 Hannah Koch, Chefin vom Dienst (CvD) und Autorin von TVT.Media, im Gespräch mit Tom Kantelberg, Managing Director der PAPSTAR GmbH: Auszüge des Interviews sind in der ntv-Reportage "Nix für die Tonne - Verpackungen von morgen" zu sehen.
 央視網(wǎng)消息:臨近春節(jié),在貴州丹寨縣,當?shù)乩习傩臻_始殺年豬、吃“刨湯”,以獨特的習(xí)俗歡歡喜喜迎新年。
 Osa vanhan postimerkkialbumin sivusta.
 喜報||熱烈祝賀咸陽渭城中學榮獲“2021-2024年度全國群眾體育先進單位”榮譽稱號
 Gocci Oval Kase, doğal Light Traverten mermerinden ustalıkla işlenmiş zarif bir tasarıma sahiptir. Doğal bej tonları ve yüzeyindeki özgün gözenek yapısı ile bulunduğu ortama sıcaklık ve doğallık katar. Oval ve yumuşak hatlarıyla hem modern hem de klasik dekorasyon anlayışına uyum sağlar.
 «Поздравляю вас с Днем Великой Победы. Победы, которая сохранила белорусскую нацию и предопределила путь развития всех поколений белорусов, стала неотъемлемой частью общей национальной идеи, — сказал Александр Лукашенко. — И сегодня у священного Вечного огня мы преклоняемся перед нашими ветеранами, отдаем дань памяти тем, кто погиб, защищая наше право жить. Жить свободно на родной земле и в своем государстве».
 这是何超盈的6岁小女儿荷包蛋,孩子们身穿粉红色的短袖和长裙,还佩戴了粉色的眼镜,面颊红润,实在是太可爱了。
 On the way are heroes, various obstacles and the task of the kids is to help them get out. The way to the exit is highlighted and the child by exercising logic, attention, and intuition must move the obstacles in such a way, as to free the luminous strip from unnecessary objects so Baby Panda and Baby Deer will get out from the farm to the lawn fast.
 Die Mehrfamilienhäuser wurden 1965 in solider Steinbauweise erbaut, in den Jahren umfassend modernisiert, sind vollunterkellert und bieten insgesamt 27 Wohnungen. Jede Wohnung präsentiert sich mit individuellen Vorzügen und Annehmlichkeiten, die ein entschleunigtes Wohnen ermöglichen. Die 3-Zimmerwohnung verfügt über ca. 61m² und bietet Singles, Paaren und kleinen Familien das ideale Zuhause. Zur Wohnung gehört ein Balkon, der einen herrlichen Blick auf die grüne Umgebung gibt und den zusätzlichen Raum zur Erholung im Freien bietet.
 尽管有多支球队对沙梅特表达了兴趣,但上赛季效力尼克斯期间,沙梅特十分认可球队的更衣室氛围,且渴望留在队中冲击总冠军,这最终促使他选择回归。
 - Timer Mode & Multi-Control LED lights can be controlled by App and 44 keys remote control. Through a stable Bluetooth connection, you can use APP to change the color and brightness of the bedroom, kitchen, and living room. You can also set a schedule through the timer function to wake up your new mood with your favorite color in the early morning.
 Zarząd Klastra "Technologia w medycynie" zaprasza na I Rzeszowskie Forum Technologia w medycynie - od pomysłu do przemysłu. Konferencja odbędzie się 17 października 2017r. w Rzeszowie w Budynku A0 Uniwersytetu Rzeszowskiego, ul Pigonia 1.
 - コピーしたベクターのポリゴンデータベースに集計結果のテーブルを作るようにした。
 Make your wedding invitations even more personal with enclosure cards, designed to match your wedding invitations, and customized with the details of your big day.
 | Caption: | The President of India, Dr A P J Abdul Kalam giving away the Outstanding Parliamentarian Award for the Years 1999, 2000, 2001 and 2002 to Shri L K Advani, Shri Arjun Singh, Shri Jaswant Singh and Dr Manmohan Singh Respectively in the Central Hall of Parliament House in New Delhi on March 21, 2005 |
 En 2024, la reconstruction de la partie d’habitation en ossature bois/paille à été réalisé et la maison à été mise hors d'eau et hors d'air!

TO DO:
With the records above in view, retype each one exactly.

SOLUTION TO THE PROBLEM:
 Hannah Koch, Chefin vom Dienst (CvD) und Autorin von TVT.Media, im Gespräch mit Tom Kantelberg, Managing Director der PAPSTAR GmbH: Auszüge des Interviews sind in der ntv-Reportage "Nix für die Tonne - Verpackungen von morgen" zu sehen.
 央視網(wǎng)消息:臨近春節(jié),在貴州丹寨縣,當?shù)乩习傩臻_始殺年豬、吃“刨湯”,以獨特的習(xí)俗歡歡喜喜迎新年。
 Osa vanhan postimerkkialbumin sivusta.
 喜報||熱烈祝賀咸陽渭城中學榮獲“2021-2024年度全國群眾體育先進單位”榮譽稱號
 Gocci Oval Kase, doğal Light Traverten mermerinden ustalıkla işlenmiş zarif bir tasarıma sahiptir. Doğal bej tonları ve yüzeyindeki özgün gözenek yapısı ile bulunduğu ortama sıcaklık ve doğallık katar. Oval ve yumuşak hatlarıyla hem modern hem de klasik dekorasyon anlayışına uyum sağlar.
 «Поздравляю вас с Днем Великой Победы. Победы, которая сохранила белорусскую нацию и предопределила путь развития всех поколений белорусов, стала неотъемлемой частью общей национальной идеи, — сказал Александр Лукашенко. — И сегодня у священного Вечного огня мы преклоняемся перед нашими ветеранами, отдаем дань памяти тем, кто погиб, защищая наше право жить. Жить свободно на родной земле и в своем государстве».
 这是何超盈的6岁小女儿荷包蛋,孩子们身穿粉红色的短袖和长裙,还佩戴了粉色的眼镜,面颊红润,实在是太可爱了。
 On the way are heroes, various obstacles and the task of the kids is to help them get out. The way to the exit is highlighted and the child by exercising logic, attention, and intuition must move the obstacles in such a way, as to free the luminous strip from unnecessary objects so Baby Panda and Baby Deer will get out from the farm to the lawn fast.
 Die Mehrfamilienhäuser wurden 1965 in solider Steinbauweise erbaut, in den Jahren umfassend modernisiert, sind vollunterkellert und bieten insgesamt 27 Wohnungen. Jede Wohnung präsentiert sich mit individuellen Vorzügen und Annehmlichkeiten, die ein entschleunigtes Wohnen ermöglichen. Die 3-Zimmerwohnung verfügt über ca. 61m² und bietet Singles, Paaren und kleinen Familien das ideale Zuhause. Zur Wohnung gehört ein Balkon, der einen herrlichen Blick auf die grüne Umgebung gibt und den zusätzlichen Raum zur Erholung im Freien bietet.
 尽管有多支球队对沙梅特表达了兴趣,但上赛季效力尼克斯期间,沙梅特十分认可球队的更衣室氛围,且渴望留在队中冲击总冠军,这最终促使他选择回归。
 - Timer Mode & Multi-Control LED lights can be controlled by App and 44 keys remote control. Through a stable Bluetooth connection, you can use APP to change the color and brightness of the bedroom, kitchen, and living room. You can also set a schedule through the timer function to wake up your new mood with your favorite color in the early morning.
 Zarząd Klastra "Technologia w medycynie" zaprasza na I Rzeszowskie Forum Technologia w medycynie - od pomysłu do przemysłu. Konferencja odbędzie się 17 października 2017r. w Rzeszowie w Budynku A0 Uniwersytetu Rzeszowskiego, ul Pigonia 1.
 - コピーしたベクターのポリゴンデータベースに集計結果のテーブルを作るようにした。
 Make your wedding invitations even more personal with enclosure cards, designed to match your wedding invitations, and customized with the details of your big day.
 | Caption: | The President of India, Dr A P J Abdul Kalam giving away the Outstanding Parliamentarian Award for the Years 1999, 2000, 2001 and 2002 to Shri L K Advani, Shri Arjun Singh, Shri Jaswant Singh and Dr Manmohan Singh Respectively in the Central Hall of Parliament House in New Delhi on March 21, 2005 |
 En 2024, la reconstruction de la partie d’habitation en ossature bois/paille à été réalisé et la maison à été mise hors d'eau et hors d'air!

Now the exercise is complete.